P5: fix reference attention for MQA/GQA (kv_idx = h // q_per_kv)

2026-05-30 08:59:50 +00:00
parent c55030a340
commit b61df2657b
1 changed files with 10 additions and 6 deletions
--- a/tests/unit/test_p3_fast_decode.py
+++ b/tests/unit/test_p3_fast_decode.py
@@ -25,20 +25,24 @@ def cosine_sim(a, b):
 def reference_attention(q_4d, k_4d, v_4d, scale):
    """PyTorch reference matching kernel tensor layout.

-    Q: (1, n_h, 1, hd), K: (1, n_h, N, hd), V: (1, n_h, hd, N)
+    Q: (1, n_h, 1, hd), K: (1, n_kv, N, hd), V: (1, n_kv, hd, N)
    V is in kernel layout (hd, N) — transpose to (N, hd) for reference.
+    For MQA/GQA, each Q head uses its corresponding KV head.
    """
    n_h = q_4d.shape[1]
-    N = k_4d.shape[2]  # total KV length (may be > 128)
+    n_kv = k_4d.shape[1]
+    N = k_4d.shape[2]
+    q_per_kv = n_h // n_kv
    q = q_4d[0]  # (n_h, 1, hd)
-    k = k_4d[0]  # (n_h, N, hd)
-    v = v_4d[0].transpose(-1, -2)  # (n_h, N, hd)
+    k = k_4d[0]  # (n_kv, N, hd)
+    v = v_4d[0].transpose(-1, -2)  # (n_kv, N, hd)
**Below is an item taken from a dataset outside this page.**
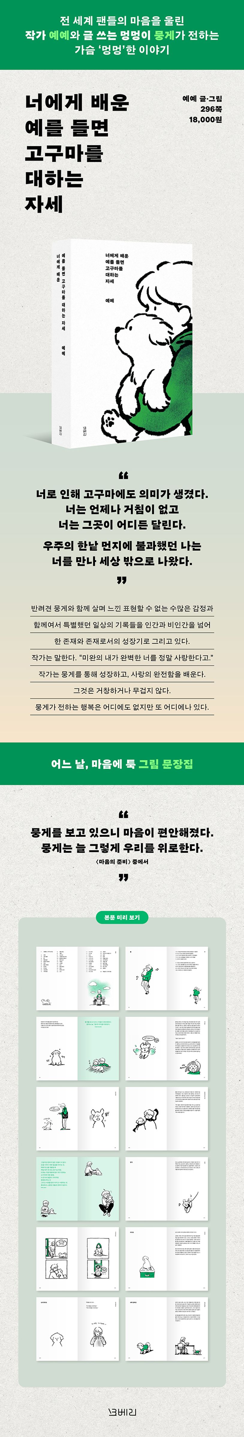이 책은 《글쓰는 멍멍이, 글멍》의 예예 작가가 선보이는 두 번째 에세이집이다. 《글멍》이 반려견 뭉게의 시선에서 쓴 책이었다면 《너에게 배운 예를 들면 고구마를 대하는 자세》는 오롯이 작가의 시선에서 쓰고 그려진다. 반려견 뭉게와 함께 살며 느낀 표현할 수 없는 수많은 감정과 함께여서 특별했던 일상의 기록들을 인간과 비인간을 넘어 한 존재와 존재로서의 성장기로 그리고 있다. 작가는 말한다. “미완의 내가 완벽한 너를 정말 사랑한다고.” 작가는 뭉게를 통해 성장하고, 사랑의 완전함을 배운다. 그것은 거창하거나 무겁지 않다. 뭉게가 전하는 행복은 어디에도 없지만 또 어디에나 있다. 뭉게가 보여 주는 사랑은 언제나 거침이 없다. 늘 살아 움직인다. 때론 너무도 강렬해 비현실적으로 느껴진다.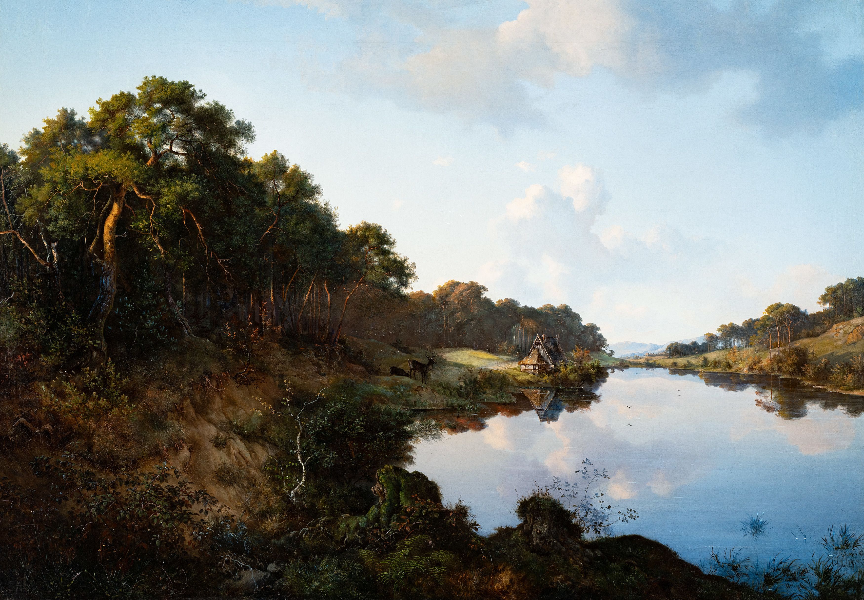 Ernst Ferdinand Oehme (1797 Dresden – 1855): Sächsische Landschaft mit See und Hütte, 1839, Öl

    output = torch.zeros(n_h, 1, q_4d.shape[3], dtype=torch.bfloat16, device='cuda')
    for h in range(n_h):
+        kv_idx = h // q_per_kv
        q_h = q[h]  # (1, hd)
-        k_h = k[h]  # (N, hd)
-        v_h = v[h]  # (N, hd)
+        k_h = k[kv_idx]  # (N, hd)
+        v_h = v[kv_idx]  # (N, hd)
        s = torch.matmul(q_h.float(), k_h.float().T) * scale
        s = torch.softmax(s, dim=-1)
        o = torch.matmul(s, v_h.float())